### Exercise
Would you restate the full listing word for word and omit its pictures?

### Given material

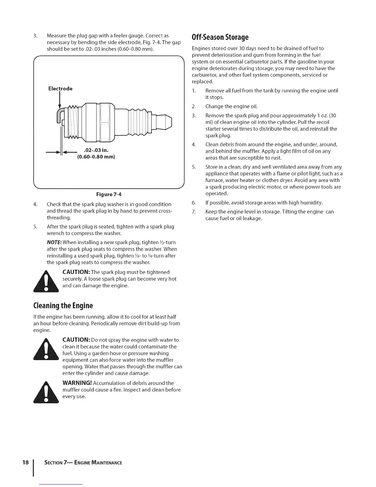 reinstalling a used spark plug, tighten Ys- to 1/4-turn after
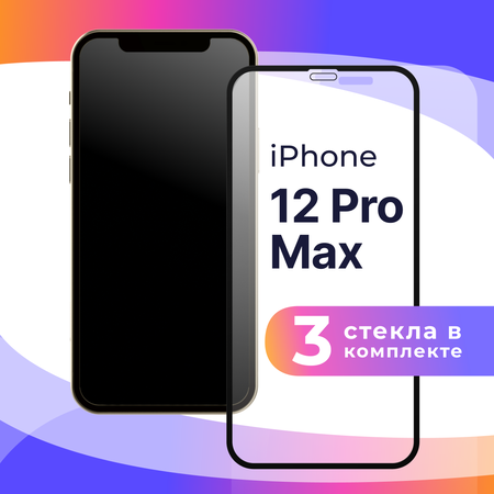 Комплект 3 шт. Защитное стекло для телефона Apple iPhone 12 Pro Max / Глянцевое противоударное стекло с олеофобным покрытием на смартфон Эпл Айфон 12 Про Макс
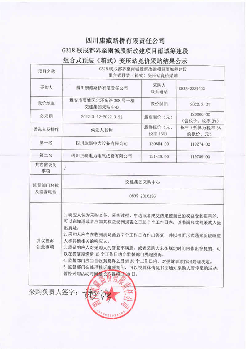 四川康藏路橋有限責任公司G318線成都界至雨城段新改建項目雨城籌建段組合式預(yù)裝(箱式)變壓站競價采購結(jié)果公示

### Written answer
 reinstalling a used spark plug, tighten Ys- to 1/4-turn after
 Комплект 3 шт. Защитное стекло для телефона Apple iPhone 12 Pro Max / Глянцевое противоударное стекло с олеофобным покрытием на смартфон Эпл Айфон 12 Про Макс
 四川康藏路橋有限責任公司G318線成都界至雨城段新改建項目雨城籌建段組合式預(yù)裝(箱式)變壓站競價采購結(jié)果公示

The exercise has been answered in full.